Por causa de um romance que tive de escrever e pouco vendeu (tem o tamanho de uma bíblia, não me surpreendeu nada) fiquei fascinada com as grutas de Qumran, depois da leitura de Os Manuscritos do Mar Morto.
Fiz a viagem a Israel e Jordânia…Petra estava no itinerário e foi visitada, mas o minúsculo oásis de En Gedi/Ein Gadi/ Engedi que significa salto do cabrito, ou de forma mais litúrgica, “brincadeira de criança” que salta como os cabritos, ficou em falta…sinto-lhe a falta. E estive em Masada, ali tão perto.
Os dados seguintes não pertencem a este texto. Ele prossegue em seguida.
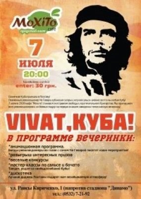 7 июля в 20:00 кафе «Moxito» становится островком свободы и притягательного бунтарства. Мы приглашаем всех революционеров и их боевых подруг на первую в нашем заведении тематическую вечеринку «Vivat, Куба!».
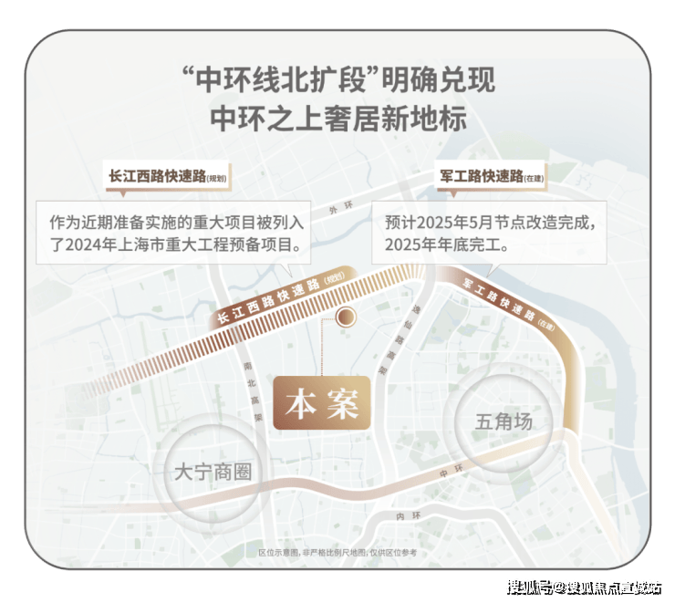 军工路快速路新建工程预计今年年内完工,意味中环北抬今年将迈出重要一步,而长江西路快速路已被列入2025年上海市重大工程清单,预计即将开工。
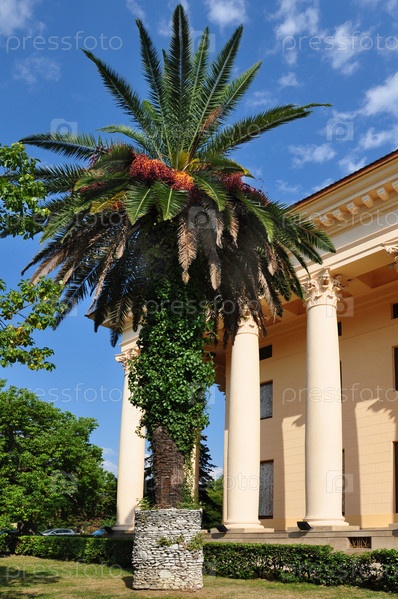 Финиковая пальма у здания с колоннами на фоне синего неба
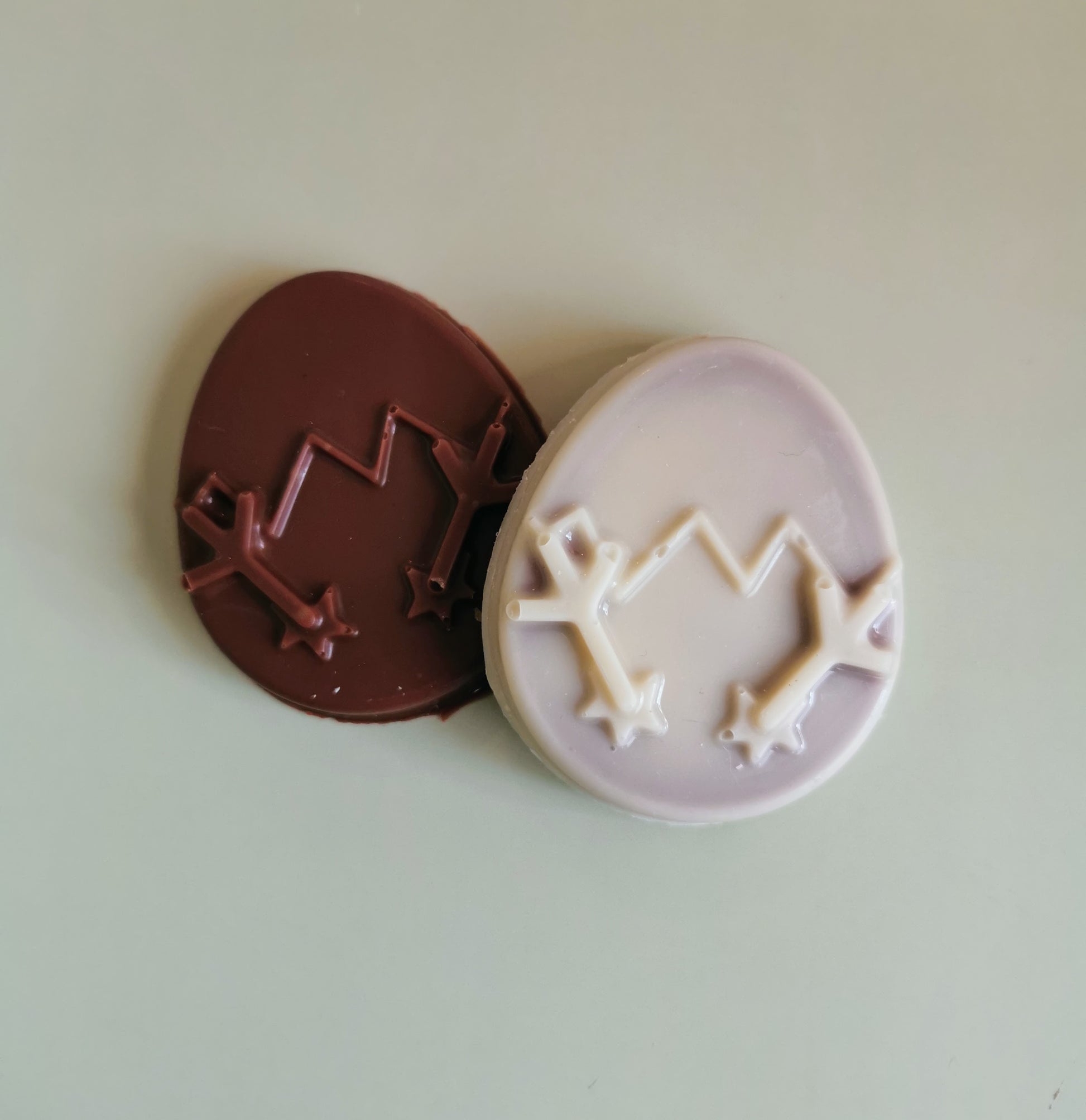 Une mini tablette en forme d’œuf qui allie finesse et intensité avec un praliné noisettes croustillant.
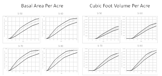 Figure 1 Basal area and total merchantable cubic foot volume (minimum DBH of 4 in to a 4 in top DIB) projections by planting density (300, 500, and 700 seedlings per acre) and site index (50, 60, 70, and 80 ft–base age 25). The black bold lines are projections for 700 seedlings per acre, gray lines are projections for 500 seedlings per acre, and black lines are projections for 300 seedlings per acre.
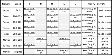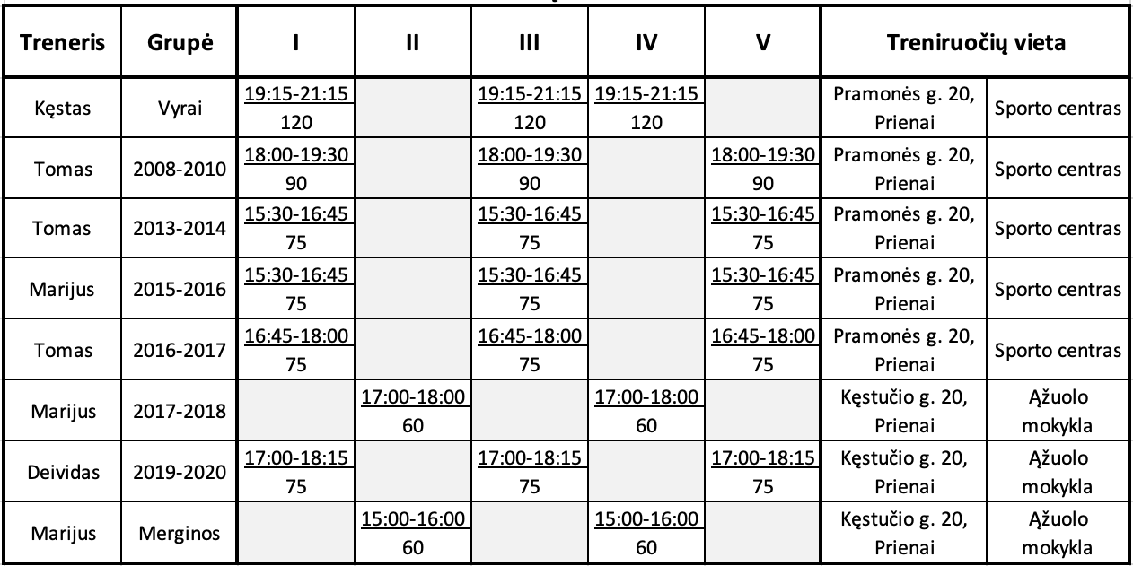 Nemuno futbolo centro treniruočių tvarkaraštis 2025.09.01 - 2025.10.30
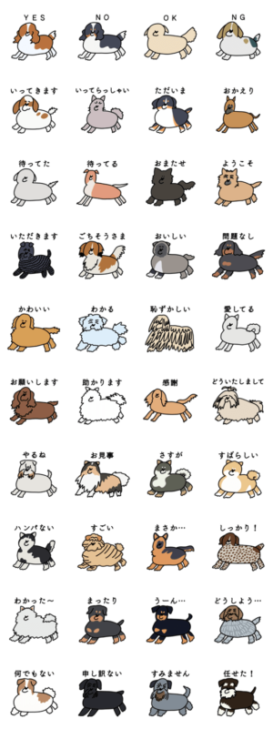 色んな犬種をゆるく描きました。キャバリア、スパニエル、ピレニーズ、グレイハウンド、シェパード、レトリーバー、セッター、コモンドール、珍島犬、サモエド、四国犬等。えびのみぞれ より発売
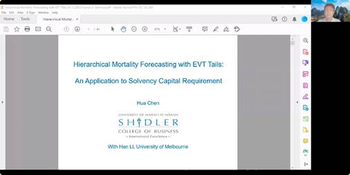5月12日上午,由365英国上市公司在线主办的第343期金融与统计论坛在线上腾讯会议顺利举办。本次讲座由365英国上市公司在线副院长张宁教授主持,邀请来自美国夏威夷大学马诺阿分校的陈铧教授做题为《死亡率预测与准备金充足率研究》的学术讲座。保险精算系毕达宁老师、何玲瑀老师等50余名师生积极参加了此次讲座。
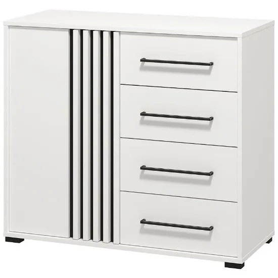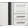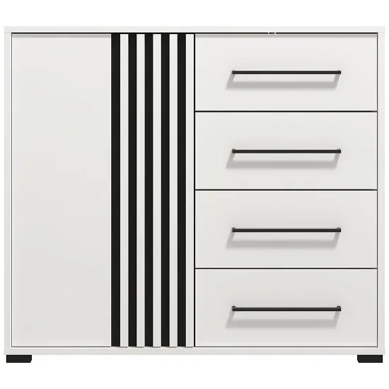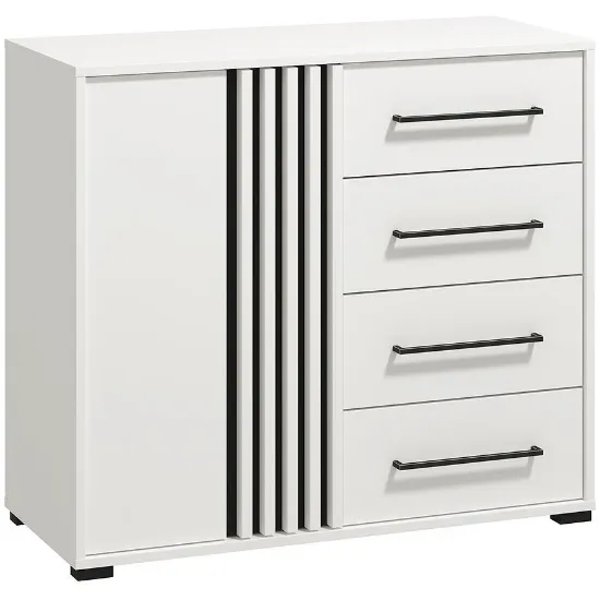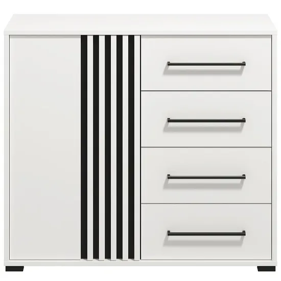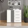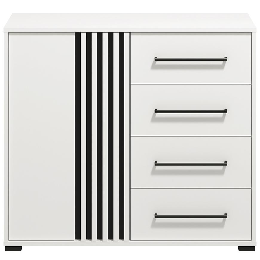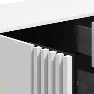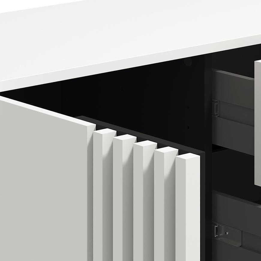 Kolor biały dodaje wnętrzu przytulności, a matowe wykończenie podkreśla nowoczesny charakter mebla. Komoda Ascalon doskonale sprawdzi się w salonie, sypialni czy przedpokoju – oferując wygodną przestrzeń do przechowywania oraz estetyczny wygląd, który podkreśli styl aranżacji.
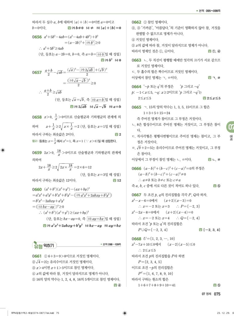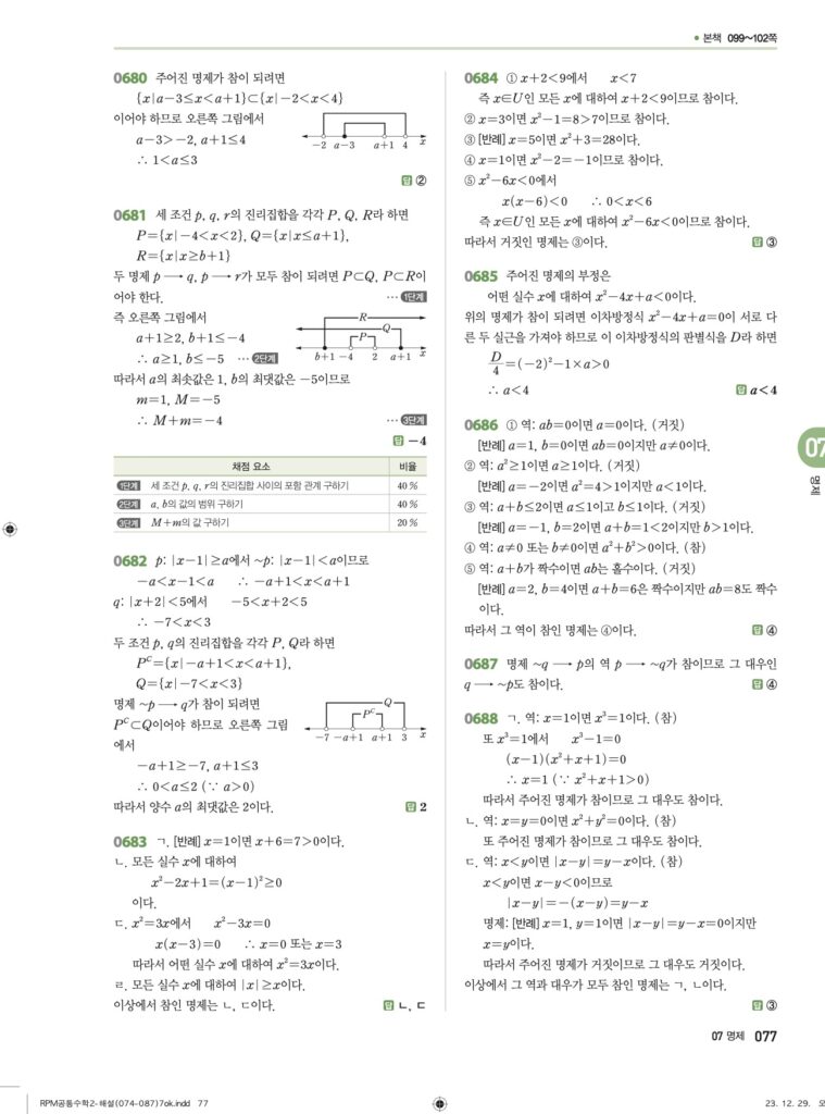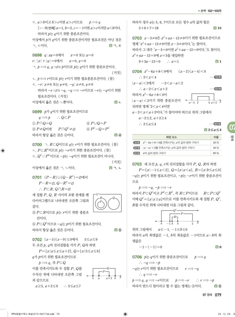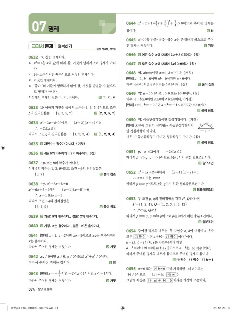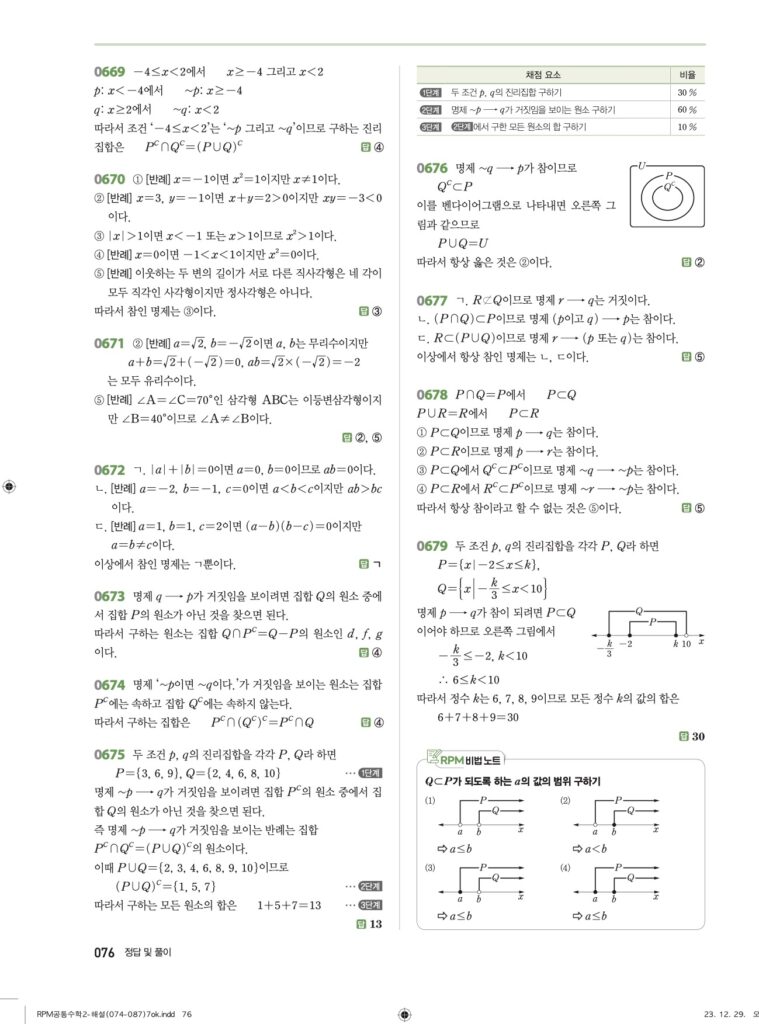 안녕하세요. **RPM 공통수학2** **07단원 명제** 정답 및 해설입니다.
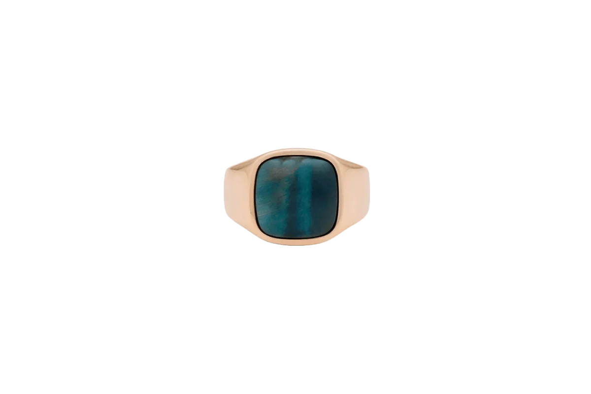 IX Cushion Signet Ring Hawks Eye Gold 14K
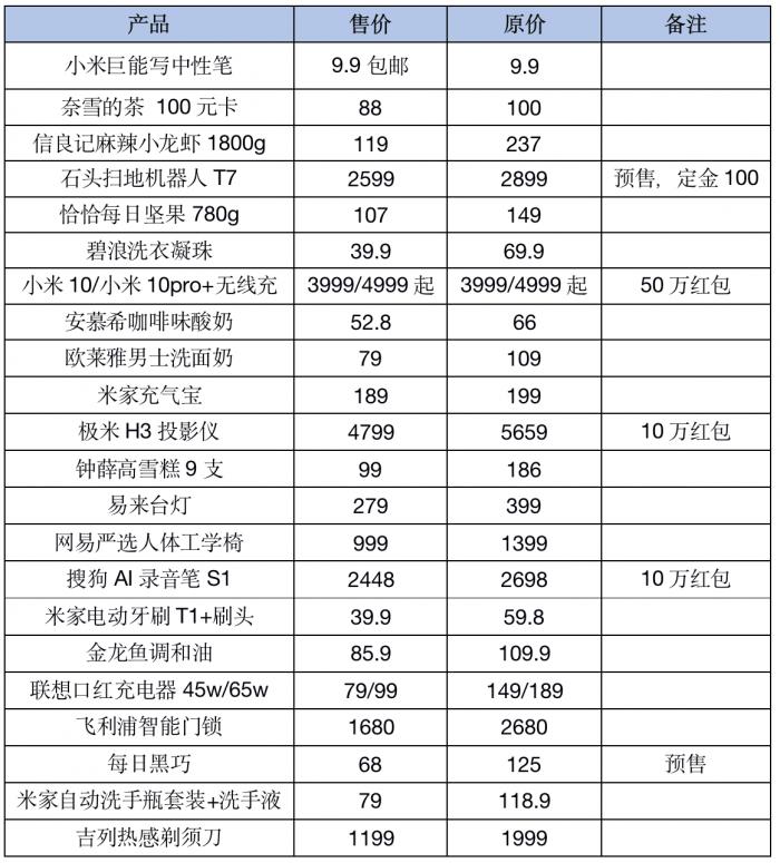 可以看出,罗永浩的这场直播,小米及其生态链企业成为最大广告主,总共有5款产品出现。当天,小米中国区总裁卢伟冰也来到直播间,和罗永浩尬聊了几句,二人之前在手机圈没少打口水仗,现在却变成了甲方乙方。
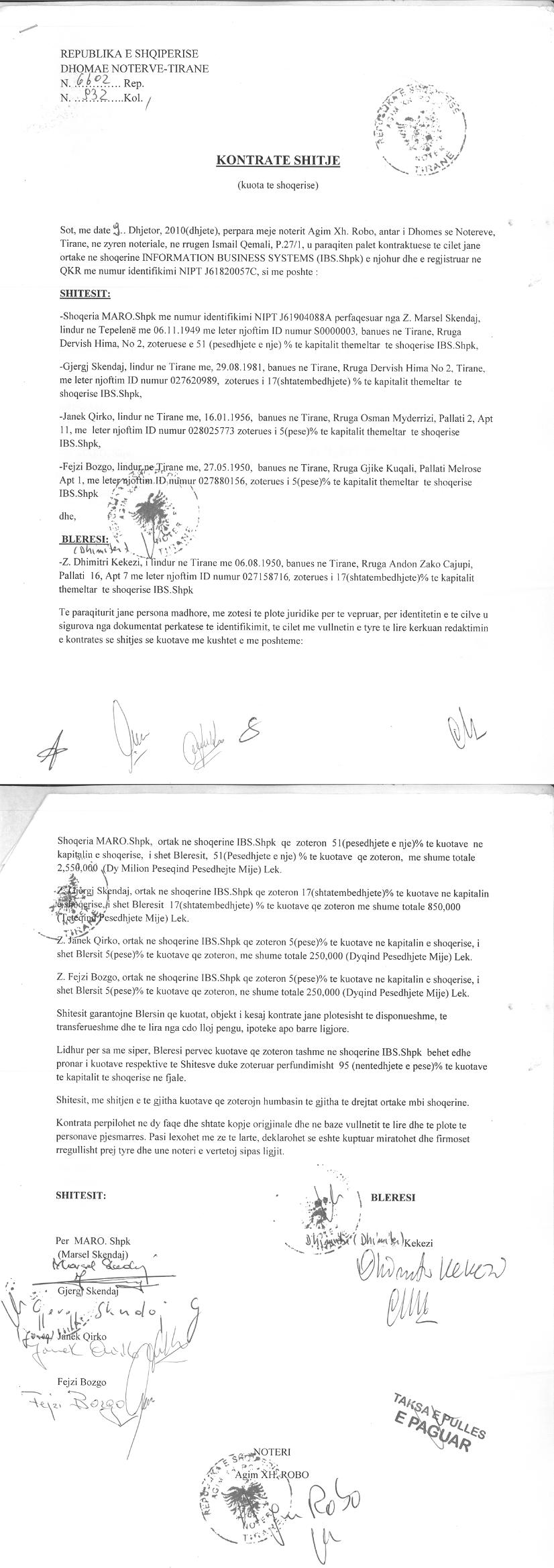 IV.Sipas Kontrates se shitjeve te kuotave date 09.12.2010, eshte realizuar shitja e 78% te kuotave nga ortaket Janaq Qirko(5%), Fejzi Bozgo(5%), Gjergj Skëndaj(17%) dhe "MARO"shpk (51%) ne favor te Dhimiter Kekezi.Pas shitjes se kuotave Janaq Qirko, Fejzi Bozgo, Gjergj Skëndaj dhe "MARO"shpk largohen nga shoqëria, ndërsa ortake te shoqërisë mbeten Dhimiter Kekezi dhe Laura Gjebrea duke zotëruar përkatësisht 95% dhe 5% te kuotave te kapitalit.
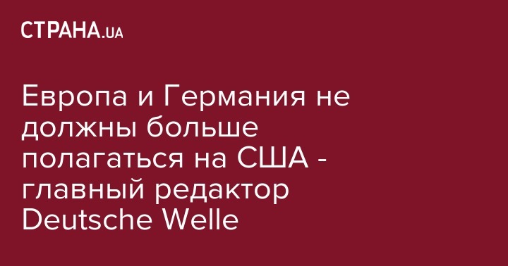 Европа и Германия не должны больше полагаться на США - главный редактор Deutsche Welle
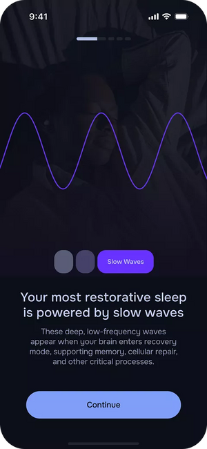 Slow-wave enhancement is a technique that uses precisely timed sound (soft pink noise) to nudge your brain waves into their most restorative rhythm. This the enhances the quality of your sleep without waking you up.

Em boa hora vejo este texto e agradeço por ele, embora me tenha afastado um bocadinho.
Muito grata.
Bem hajas, mui querida Helena, por estas oportunas achegas da tua vida pessoal. Quando uma crónica suscita emoções e proporciona viagens no tempo pode, de facto, o cronista sentir-se realizado. Um beijo.
José Azevedo Silva
28 de fevereiro de 2025 19:18
Ora aí está! A epigrafia em A Relíquia, de Eça de Queiroz!
Quem diria…
Vai para dois séculos que A Relíquia andou por aí com São Custódio, até encontrar o seu relícário no oratório do hiper-epigrafista José d’Encarnação.
maria helena coelho
28 de fevereiro de 2025 17:54
Muito obrigada pela partilha de mais esta descoberta sobre a erudição de Eça.
José Bicho
28 de fevereiro de 2025 13:24
Li o texto enquanto almoçava em Lisboa onde me desloquei por motivos profissionais. Movido pela memória e alguma nostalgia procurei um local onde outrora a arte de bem cozinhar e receber eram ponto de honra dos seus antigos donos. Julguei que entrava em uma mansion, era assim que a recordava, e logo me apercebi que afinal era uma statio. O lema aqui é “Quem vier pior ficará depois”. Pago 28€ e saio com a ideia que o estalajadeiro pertence à Grande Ordem da Patafísica. Espero que o Eça tenha tido melhor sorte.
António Campar
28 de fevereiro de 2025 12:59
Sempre a ensinar…
Resposta do cronista: E que honra ter um ‘aluno’ atento!…
Teresa Mascarenhas
Como é bom aprender contigo.
Adorei aquela dos deuses e da estalagem. Quem sabe, sabe.